Ich bin auf dem Land groß geworden, aber nicht in einem Kuhdorf – sondern in einem Ort mit knapp 10.000 Einwohner. Und hier gab es noch Metzger, die in ihrem Wohnhaus ihren Verkaufsraum hatten und im Hinterhof die eigene Schlachtung. Mittwoch war Schlachttag – da bin ich dann immer mit Muttern einkaufen gewesen und ja, ab und an war auch der Bordstein rot gefärbt vom frischen Blut. Das hat mich nicht gegruselt, das war auch nicht martialisch – das war normal. Ich kannte den Mann, der das Tier für meine Wurst getötet hat und das war beruhigend. Weil ich die Tiere, die später meine Wurst und mein Fleisch wurden, kannte. Ich sah sie auf der Weide, im Bauernhof und später im Hinterhof des Metzgers und noch später in der Auslage des Verkaufsraums. Und zwar alles von Ihnen. Ochsenschwanz und Ochsenmaulsalat sind weitere schwäbische Spezialitäten, ebenso wie Rinderzunge. Schweinsohren und Rüssel schwammen in jeder anständigen Schlachtsuppe, die Füße wurden für eine ordentliche Brühe ausgekocht. Ein Tier ist nicht nur für sein Filetstück gestorben. Wenn ich heute in den Supermarkt gehe, dann erspart mir der findige Großhandel den Anblick von Innereien, Organen, Extremitäten. Damit ich nicht mehr daran denken muss, dass ich ein totes Tier esse, wenn ich mir ein Steak in die Pfanne haue. Warum eigentlich? Ertragen wir in unser sterilen Welt die Vorstellung nicht mehr, dass Fleischgenuss auch mit einer blutigen Schlachtung einher geht? Und mit dem Tod?
Können wir die Möglichkeit Fleisch zu essen überhaupt noch wertschätzen? Und damit das Leben, welches für unsere Wurst beendet wurde?
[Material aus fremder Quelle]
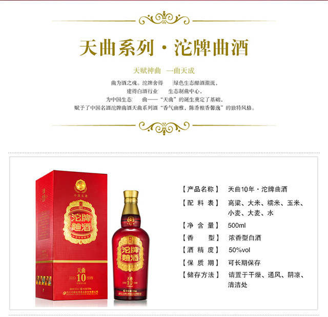 舍得酒业出品沱牌天曲10年 50°浓香型白酒 整箱500ml×6瓶包邮
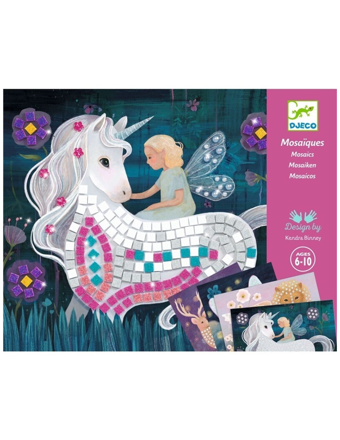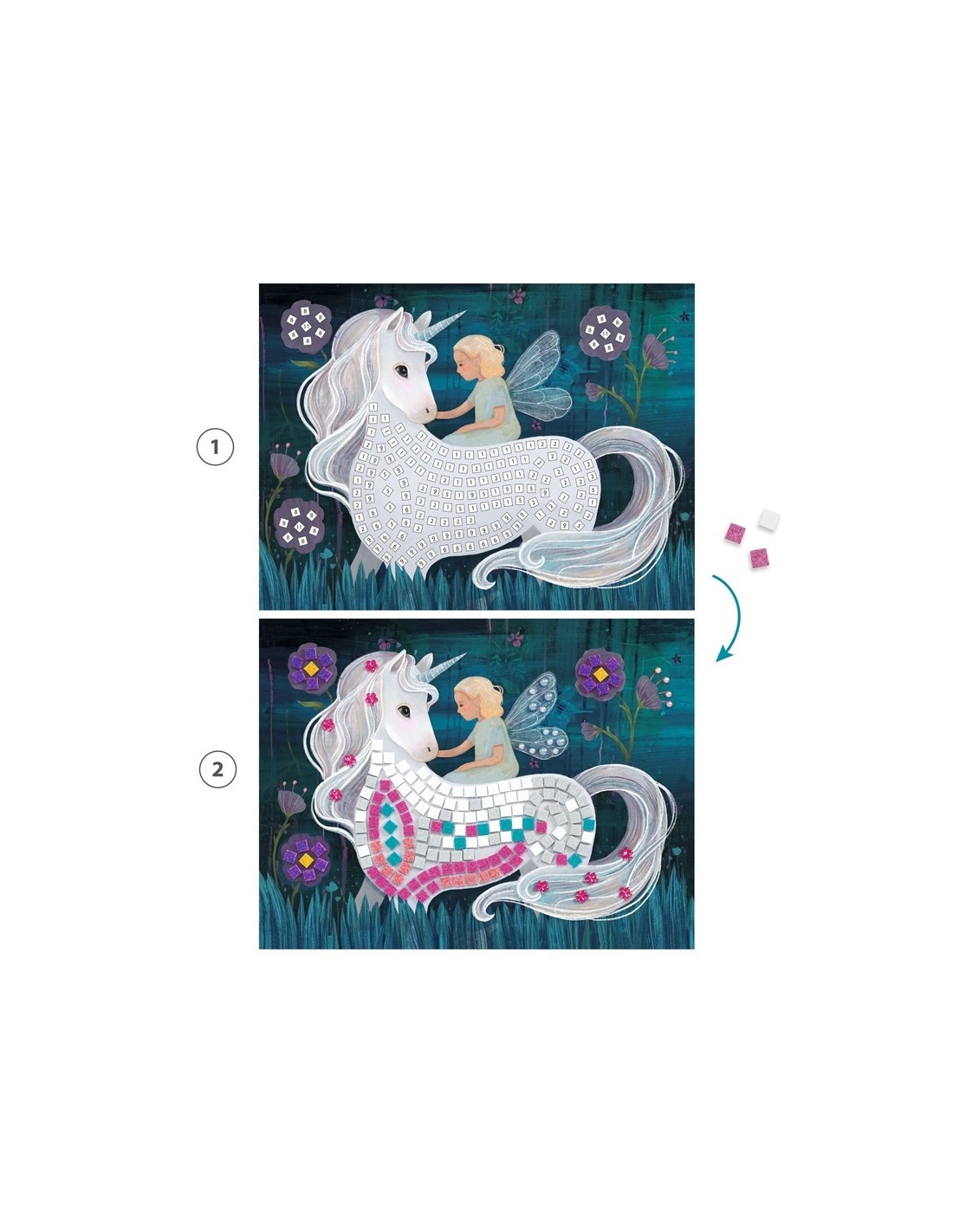 Un cofre para aprender el arte del mosaico. 4 cuadros para decorar pegando pequeños cuadrados de espuma con purpurina y strass. El peque localiza los números y luego pega las piezas correspondientes en el lugar designado. Los cuadros se completan y el mundo encantado se adorna con rayos brillantes.

Meine Großeltern waren Bauern. Sie schlachteten selbst, zogen die Tiere dafür selbst groß. Mein Vater erzählte mir, dass das ganze Haus voller Würste hing, überall Konserven mit eingekochtem Fleisch im Haus standen, wenn er nach einem Schlachttag zu Besuch kam. Er kam so während seiner Studienzeit über die Runden und hat sich dort mit dem Luxusgut „Fleisch“ eingedeckt. Heute gehe ich in den Supermarkt und kaufe mir 100 g Hack für 44 cent. Ein Schnäppchen, aber zu welchem Preis?